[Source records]
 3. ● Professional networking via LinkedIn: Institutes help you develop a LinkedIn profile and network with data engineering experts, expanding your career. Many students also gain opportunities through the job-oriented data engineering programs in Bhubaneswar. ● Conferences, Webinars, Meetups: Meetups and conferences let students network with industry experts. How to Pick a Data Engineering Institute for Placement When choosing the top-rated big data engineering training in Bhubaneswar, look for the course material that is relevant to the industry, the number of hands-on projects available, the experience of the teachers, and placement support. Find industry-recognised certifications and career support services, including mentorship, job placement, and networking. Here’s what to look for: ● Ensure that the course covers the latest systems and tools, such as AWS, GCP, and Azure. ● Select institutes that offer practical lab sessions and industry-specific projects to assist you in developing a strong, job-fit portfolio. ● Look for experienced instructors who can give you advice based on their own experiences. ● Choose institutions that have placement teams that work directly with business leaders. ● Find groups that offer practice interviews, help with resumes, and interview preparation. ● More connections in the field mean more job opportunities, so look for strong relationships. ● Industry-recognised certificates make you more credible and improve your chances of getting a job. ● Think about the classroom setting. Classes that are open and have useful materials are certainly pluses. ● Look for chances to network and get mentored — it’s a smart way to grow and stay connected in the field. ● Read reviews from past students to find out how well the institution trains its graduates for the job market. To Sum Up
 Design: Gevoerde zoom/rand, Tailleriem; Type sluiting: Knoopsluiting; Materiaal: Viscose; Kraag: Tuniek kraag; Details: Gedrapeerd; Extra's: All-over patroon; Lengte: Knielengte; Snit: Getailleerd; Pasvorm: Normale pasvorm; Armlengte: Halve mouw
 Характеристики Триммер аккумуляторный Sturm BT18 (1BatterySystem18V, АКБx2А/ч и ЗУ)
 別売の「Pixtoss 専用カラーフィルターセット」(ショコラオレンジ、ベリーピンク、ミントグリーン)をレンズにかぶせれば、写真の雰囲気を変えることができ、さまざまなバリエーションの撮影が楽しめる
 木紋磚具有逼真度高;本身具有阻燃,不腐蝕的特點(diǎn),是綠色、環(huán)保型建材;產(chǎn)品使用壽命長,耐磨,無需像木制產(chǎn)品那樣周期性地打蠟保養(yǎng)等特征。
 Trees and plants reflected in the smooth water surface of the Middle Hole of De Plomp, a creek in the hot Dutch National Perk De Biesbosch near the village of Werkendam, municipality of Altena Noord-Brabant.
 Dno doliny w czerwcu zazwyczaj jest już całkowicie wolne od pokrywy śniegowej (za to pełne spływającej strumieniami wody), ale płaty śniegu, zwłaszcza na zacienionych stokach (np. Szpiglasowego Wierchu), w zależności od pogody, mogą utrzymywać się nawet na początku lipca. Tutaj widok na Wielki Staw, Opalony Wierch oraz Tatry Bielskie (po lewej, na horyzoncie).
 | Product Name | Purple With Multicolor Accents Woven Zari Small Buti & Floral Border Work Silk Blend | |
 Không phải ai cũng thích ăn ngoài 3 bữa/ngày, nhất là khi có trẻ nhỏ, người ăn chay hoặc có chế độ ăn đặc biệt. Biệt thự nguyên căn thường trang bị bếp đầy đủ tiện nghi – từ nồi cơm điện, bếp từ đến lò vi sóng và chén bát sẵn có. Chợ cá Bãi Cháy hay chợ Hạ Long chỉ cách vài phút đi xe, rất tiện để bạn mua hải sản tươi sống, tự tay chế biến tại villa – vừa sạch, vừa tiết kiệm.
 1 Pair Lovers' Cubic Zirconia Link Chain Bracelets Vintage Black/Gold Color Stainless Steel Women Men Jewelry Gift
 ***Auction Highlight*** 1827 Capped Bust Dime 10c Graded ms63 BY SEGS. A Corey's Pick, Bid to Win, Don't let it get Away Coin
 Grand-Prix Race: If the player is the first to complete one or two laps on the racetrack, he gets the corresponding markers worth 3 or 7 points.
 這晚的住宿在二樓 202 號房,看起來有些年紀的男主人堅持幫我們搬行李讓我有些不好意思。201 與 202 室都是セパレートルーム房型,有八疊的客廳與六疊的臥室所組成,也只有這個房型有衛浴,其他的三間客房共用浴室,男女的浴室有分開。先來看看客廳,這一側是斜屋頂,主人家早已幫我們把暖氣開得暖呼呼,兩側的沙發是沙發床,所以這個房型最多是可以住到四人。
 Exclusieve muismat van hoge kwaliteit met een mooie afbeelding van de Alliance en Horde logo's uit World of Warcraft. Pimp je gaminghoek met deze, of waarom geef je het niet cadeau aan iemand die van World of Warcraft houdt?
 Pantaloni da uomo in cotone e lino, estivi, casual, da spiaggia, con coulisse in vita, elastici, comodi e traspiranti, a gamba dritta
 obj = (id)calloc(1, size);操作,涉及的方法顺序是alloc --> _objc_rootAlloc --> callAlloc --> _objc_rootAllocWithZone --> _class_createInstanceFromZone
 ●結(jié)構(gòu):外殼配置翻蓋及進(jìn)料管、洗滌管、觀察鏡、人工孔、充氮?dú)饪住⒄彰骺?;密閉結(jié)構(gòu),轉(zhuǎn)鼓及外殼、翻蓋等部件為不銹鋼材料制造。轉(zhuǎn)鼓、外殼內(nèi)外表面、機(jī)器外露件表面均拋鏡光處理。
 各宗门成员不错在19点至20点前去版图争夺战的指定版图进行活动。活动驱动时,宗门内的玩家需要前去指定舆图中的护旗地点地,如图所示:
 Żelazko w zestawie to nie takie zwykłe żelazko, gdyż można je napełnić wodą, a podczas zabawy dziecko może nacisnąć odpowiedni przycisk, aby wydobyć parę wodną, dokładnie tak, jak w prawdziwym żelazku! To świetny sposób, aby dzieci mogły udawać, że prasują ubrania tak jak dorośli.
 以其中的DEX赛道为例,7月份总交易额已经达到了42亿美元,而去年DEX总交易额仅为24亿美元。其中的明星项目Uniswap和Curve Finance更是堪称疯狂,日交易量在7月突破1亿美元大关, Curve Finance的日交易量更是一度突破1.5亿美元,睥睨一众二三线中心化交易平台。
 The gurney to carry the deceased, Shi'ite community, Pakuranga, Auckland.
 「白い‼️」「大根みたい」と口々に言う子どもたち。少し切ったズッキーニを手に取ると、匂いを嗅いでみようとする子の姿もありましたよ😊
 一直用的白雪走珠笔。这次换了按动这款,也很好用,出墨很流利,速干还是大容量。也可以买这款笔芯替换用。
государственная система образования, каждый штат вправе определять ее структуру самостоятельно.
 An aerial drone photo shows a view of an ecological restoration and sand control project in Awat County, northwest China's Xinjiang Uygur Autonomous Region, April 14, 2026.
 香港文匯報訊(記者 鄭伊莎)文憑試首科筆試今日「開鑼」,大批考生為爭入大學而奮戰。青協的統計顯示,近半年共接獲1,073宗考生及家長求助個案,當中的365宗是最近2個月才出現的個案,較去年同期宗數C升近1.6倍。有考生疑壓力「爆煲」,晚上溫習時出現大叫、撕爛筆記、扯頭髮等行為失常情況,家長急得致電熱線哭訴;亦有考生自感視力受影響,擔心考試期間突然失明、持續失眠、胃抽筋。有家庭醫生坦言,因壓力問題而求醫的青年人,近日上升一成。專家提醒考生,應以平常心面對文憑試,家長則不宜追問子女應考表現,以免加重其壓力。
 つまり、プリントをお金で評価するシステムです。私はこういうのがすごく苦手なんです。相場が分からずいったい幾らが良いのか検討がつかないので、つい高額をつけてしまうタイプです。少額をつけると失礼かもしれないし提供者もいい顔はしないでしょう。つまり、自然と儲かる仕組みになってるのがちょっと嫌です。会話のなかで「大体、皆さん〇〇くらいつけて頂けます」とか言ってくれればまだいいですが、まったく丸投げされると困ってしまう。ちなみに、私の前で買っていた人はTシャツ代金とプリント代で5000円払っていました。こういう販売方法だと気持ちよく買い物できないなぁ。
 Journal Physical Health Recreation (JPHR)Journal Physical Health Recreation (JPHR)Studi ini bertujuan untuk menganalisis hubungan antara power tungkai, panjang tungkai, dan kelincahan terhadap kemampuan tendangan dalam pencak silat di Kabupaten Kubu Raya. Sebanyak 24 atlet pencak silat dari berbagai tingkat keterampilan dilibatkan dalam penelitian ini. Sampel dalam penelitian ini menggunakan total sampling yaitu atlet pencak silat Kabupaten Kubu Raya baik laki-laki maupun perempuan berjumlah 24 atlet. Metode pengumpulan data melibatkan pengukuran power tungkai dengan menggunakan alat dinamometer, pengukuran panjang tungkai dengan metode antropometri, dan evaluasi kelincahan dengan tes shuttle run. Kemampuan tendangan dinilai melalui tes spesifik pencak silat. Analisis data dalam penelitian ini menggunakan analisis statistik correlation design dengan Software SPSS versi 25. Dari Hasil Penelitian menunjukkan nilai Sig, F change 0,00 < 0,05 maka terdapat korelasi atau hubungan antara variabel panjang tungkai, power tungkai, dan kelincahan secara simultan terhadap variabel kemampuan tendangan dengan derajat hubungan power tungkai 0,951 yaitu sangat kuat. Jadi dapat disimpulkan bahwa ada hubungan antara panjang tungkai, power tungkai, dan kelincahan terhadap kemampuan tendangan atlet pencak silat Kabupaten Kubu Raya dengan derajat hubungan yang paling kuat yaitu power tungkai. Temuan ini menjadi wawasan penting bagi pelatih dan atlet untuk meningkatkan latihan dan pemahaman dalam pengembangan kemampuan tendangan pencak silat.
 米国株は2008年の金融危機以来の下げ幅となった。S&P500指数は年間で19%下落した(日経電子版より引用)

[Aim of the task] Beginning at the line above that contains "木紋磚具有逼真度高;本身具有", return each line exactly through the line that contains "Silk Blend | |", and no others.

[Written solution]
 木紋磚具有逼真度高;本身具有阻燃,不腐蝕的特點(diǎn),是綠色、環(huán)保型建材;產(chǎn)品使用壽命長,耐磨,無需像木制產(chǎn)品那樣周期性地打蠟保養(yǎng)等特征。
 Trees and plants reflected in the smooth water surface of the Middle Hole of De Plomp, a creek in the hot Dutch National Perk De Biesbosch near the village of Werkendam, municipality of Altena Noord-Brabant.
 Dno doliny w czerwcu zazwyczaj jest już całkowicie wolne od pokrywy śniegowej (za to pełne spływającej strumieniami wody), ale płaty śniegu, zwłaszcza na zacienionych stokach (np. Szpiglasowego Wierchu), w zależności od pogody, mogą utrzymywać się nawet na początku lipca. Tutaj widok na Wielki Staw, Opalony Wierch oraz Tatry Bielskie (po lewej, na horyzoncie).
 | Product Name | Purple With Multicolor Accents Woven Zari Small Buti & Floral Border Work Silk Blend | |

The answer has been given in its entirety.